■ **Your task**
For this exercise, return only the lines in the records below from the one holding "Élvezze az izgalmas" through the one holding "ZFX-H錐形鎖風閥主要由殼", including both, exactly as they appear and without pictures.

- - -

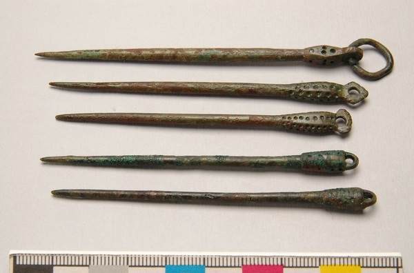 В погребении женщины, которая стала предметом исследования, ученые обнаружили пять браслетов из бронзы, две сережки из золота и сложное ожерелье из четырех сотен янтарных бусин. Также в захоронении были найдены три швейные иглы из бронзы.
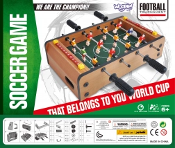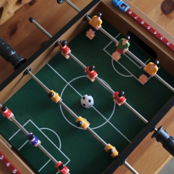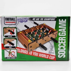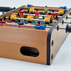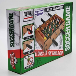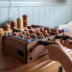 Élvezze az izgalmas mini meccseket a kompakt WOOPIE asztali csocsóval. A stabil fa szerkezet, a fém rudak és az ergonomikus fogantyúk gondoskodnak a figurák zökkenőmentes irányításáról és a kényelmes játékról. A mindkét oldalon integrált pontszámlálók segítenek követni a játék állását.
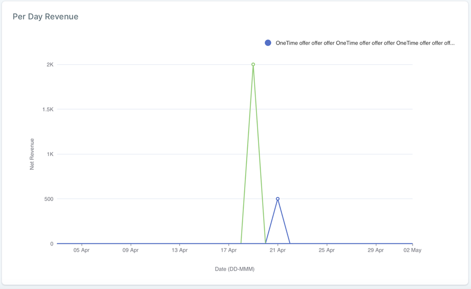 Net Revenue Tab: This is the default view of Revenue Analytics. It displays the data for one-time purchases.
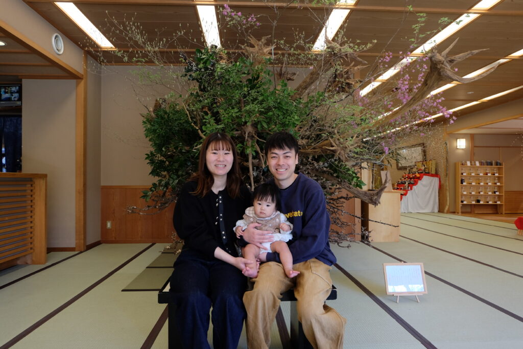 畳のロビーをハイハイする赤ちゃんをあやしていると、お母さんが「やっぱりプロの方は赤ちゃんにも好かれるんですね」と言われたのがきっかけでした。そう言えば、ハイハイできるロビーのある旅館はあまりみた事がありません。それに、女性向けに作った旅館なので、角張った家具は比較的少なく危なくないし、色もナチュラルトーンで落ち着いているので、優しい雰囲気がします。太陽の光が優しくあたる明るい様は、赤ちゃんの笑顔にもどこか似ています。
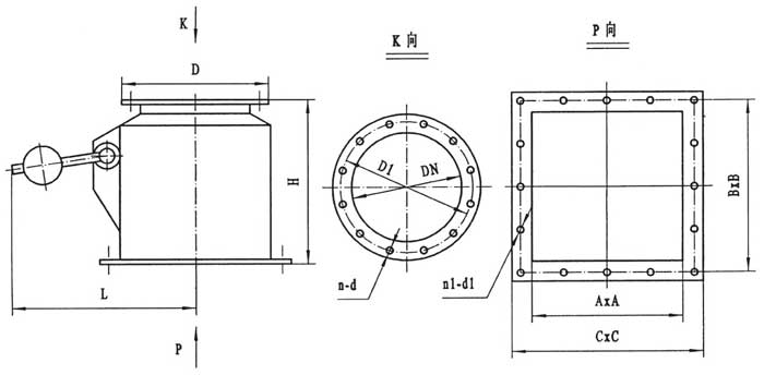 ZFX-H錐形鎖風閥主要由殼體、錐形帽、頂針、閥桿、重錘、彈簧等零件組成,采用鋼板焊接結(jié)構(gòu),設計新穎,結(jié)構(gòu)簡單。錐形鎖風閥利用力矩平衡的方法實現(xiàn)卸灰。當作用于翻板上的物料產(chǎn)生的力矩大于重錘搖桿產(chǎn)生的力矩時,閥板打開向下卸灰。一旦積灰卸去后,重錘與搖桿產(chǎn)生的力矩使閥板迅速關(guān)閉,實現(xiàn)鎖氣。落料的頻率及卸灰量依據(jù)工況需要來調(diào)整重錘位置。
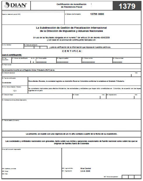 La Certificación de Acreditación de Residencia Fiscal en Colombia, deberá expedirse en el formato número 1379 adjunto, el cual hace parte integral de esta resolución.
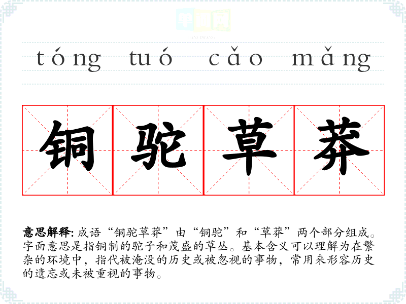 “铜驼草莽”源自《史记·大宰列传》,在这篇文章中提到,铜驼是古代一种用于标志的器物,而草莽则指的是野草丛生的地方。这个成语用于比喻那些在历史长河中被埋没的故事或人物,反映了人们对历史的忽视和对名士的遗忘。
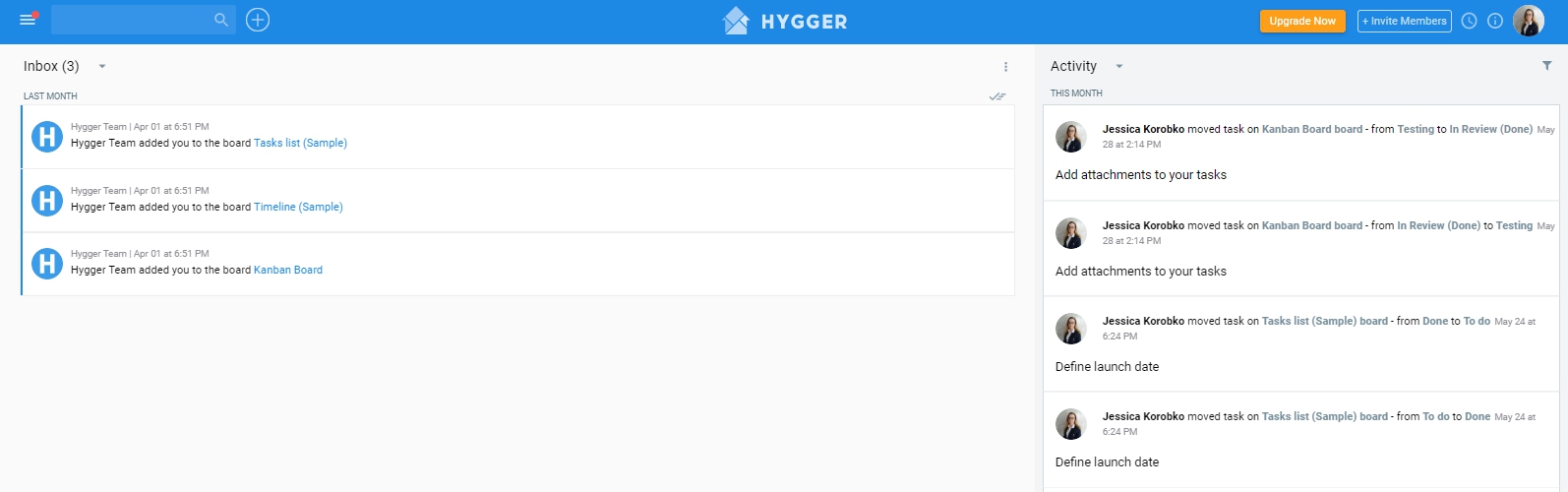 Место, где вы можете найти все уведомления, — это папка «Входящие». Если кто-то назначает вас на задание, упоминает вас в комментарии или происходит любое другое действие, вы получаете уведомления. Эти уведомления хранятся в папке «Входящие», пока вы не откроете ее или не заархивируете. Уведомления группируются по дате: «Сегодня», «Вчера», «В этом месяце».

- - -

■ **Answer box**
 Élvezze az izgalmas mini meccseket a kompakt WOOPIE asztali csocsóval. A stabil fa szerkezet, a fém rudak és az ergonomikus fogantyúk gondoskodnak a figurák zökkenőmentes irányításáról és a kényelmes játékról. A mindkét oldalon integrált pontszámlálók segítenek követni a játék állását.
 Net Revenue Tab: This is the default view of Revenue Analytics. It displays the data for one-time purchases.
 畳のロビーをハイハイする赤ちゃんをあやしていると、お母さんが「やっぱりプロの方は赤ちゃんにも好かれるんですね」と言われたのがきっかけでした。そう言えば、ハイハイできるロビーのある旅館はあまりみた事がありません。それに、女性向けに作った旅館なので、角張った家具は比較的少なく危なくないし、色もナチュラルトーンで落ち着いているので、優しい雰囲気がします。太陽の光が優しくあたる明るい様は、赤ちゃんの笑顔にもどこか似ています。
 ZFX-H錐形鎖風閥主要由殼體、錐形帽、頂針、閥桿、重錘、彈簧等零件組成,采用鋼板焊接結(jié)構(gòu),設計新穎,結(jié)構(gòu)簡單。錐形鎖風閥利用力矩平衡的方法實現(xiàn)卸灰。當作用于翻板上的物料產(chǎn)生的力矩大于重錘搖桿產(chǎn)生的力矩時,閥板打開向下卸灰。一旦積灰卸去后,重錘與搖桿產(chǎn)生的力矩使閥板迅速關(guān)閉,實現(xiàn)鎖氣。落料的頻率及卸灰量依據(jù)工況需要來調(diào)整重錘位置。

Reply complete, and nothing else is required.